Authors:
Ievgeniia A. Tiukova、Daniel Brunnsåker、Erik Y. Bjurström、Alexander H. Gower、Filip Kronström、Gabriel K. Reder、Ronald S. Reiserer、Konstantin Korovin、Larisa B. Soldatova、John P. Wikswo、Ross D. King
Paper:
https://arxiv.org/abs/2408.10689
Introduction
Background
The field of artificial intelligence (AI) has made significant strides in automating scientific research through the development of “Robot Scientists.” These systems autonomously generate hypotheses, design and conduct experiments, interpret results, and iterate the process. Previous iterations, such as ‘Adam’ and ‘Eve,’ have demonstrated the potential of AI in functional genomics and early-stage drug development, respectively. The latest advancement in this domain is the Genesis project, which aims to automate systems biology research, particularly focusing on eukaryotic cells like yeast (S. cerevisiae).
Problem Statement
Despite the advancements in high-throughput methods, the complexity of systems biology models, which involve thousands of interacting components, remains a significant challenge. Traditional human-based scientific methods struggle to keep up with the intricate and vast nature of these models. Genesis aims to address this by automating the entire research cycle, thereby increasing efficiency and reducing costs.
Related Work
Previous Robot Scientists
- Adam: The first Robot Scientist to autonomously discover novel scientific knowledge, focusing on the functional genomics of yeast.
- Eve: Designed for early-stage drug development, Eve’s AI-driven approach outperformed standard drug screening methods and made significant discoveries, such as identifying triclosan as an inhibitor for malaria-causing parasites.

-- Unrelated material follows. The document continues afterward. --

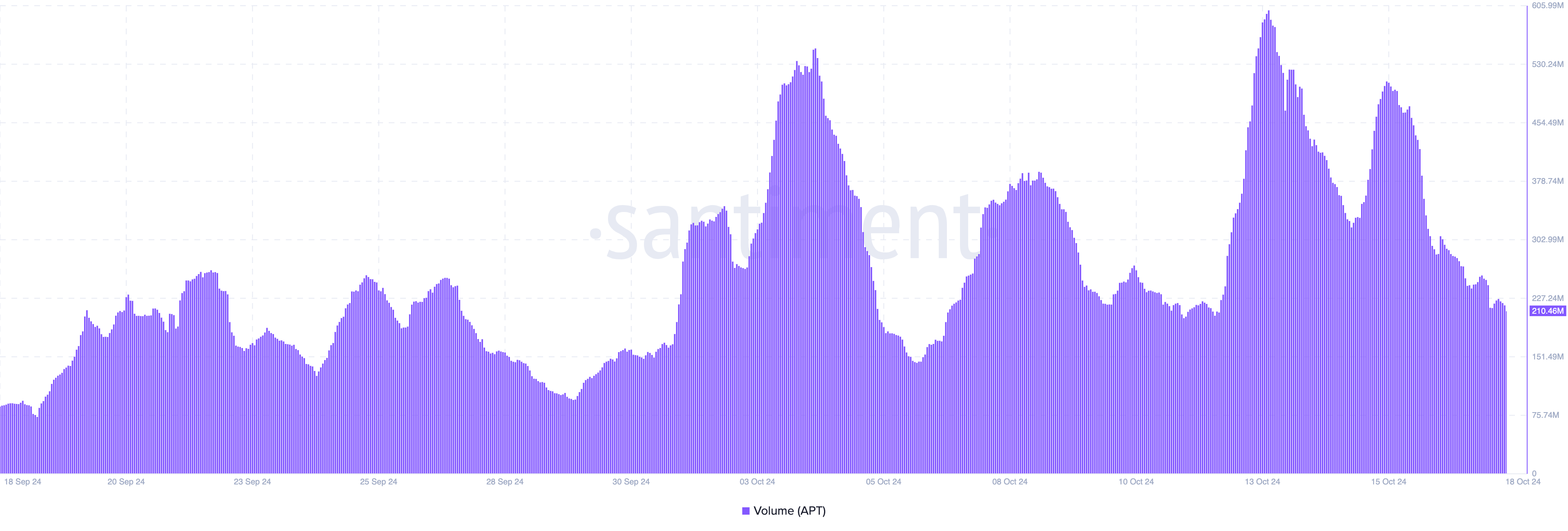 SponsoredAdemás, el volumen de trading del proyecto parece haber jugado un papel significativo en la reciente caída. Por ejemplo, el volumen de Aptos se disparó a 600 millones de dólares el 13 de octubre, coincidiendo con el rally de precios anterior, lo que indica un creciente interés en el token en ese momento.

Challenges in Systems Biology
Systems biology models are incredibly complex, involving thousands of genes, proteins, and small molecules. Traditional high-throughput methods are insufficient as they are not hypothesis-led. The complexity of these models makes them beyond human intuitive understanding, necessitating the use of AI tools for efficient model refinement and experiment generation.
Research Methodology
Genesis Architecture
Genesis is designed to automatically improve complex scientific models with thousands of interacting components. The system aims to execute up to one thousand hypothesis-led closed-loop cycles of experiments per day. Each cycle involves hypothesis formation, experiment planning, laboratory execution, and results interpretation.
Core Components
- Hardware: The system includes one thousand computer-controlled µ-bioreactors, capable of running in batch, fed batch, or continuous mode.
- Mass Spectrometry: Integration of high-throughput mass spectrometry (IM-MS) for detailed metabolic and transcriptomic analysis.
- Ontologies and Databases: Development of Genesis-DB and RIMBO for structured data storage and model revisions.
- Bioinformatics: Utilization of relational learning and inductive logic programming for model improvement.
Experimental Design
Hardware Setup
The hardware setup includes a micro-fluidic system with one thousand µ-bioreactors, arranged in groups of 48. Each bioreactor can be configured in real-time to explore a wide range of biological conditions. The observables from these experiments include growth rate, metabolic analysis, and comprehensive gene expression levels.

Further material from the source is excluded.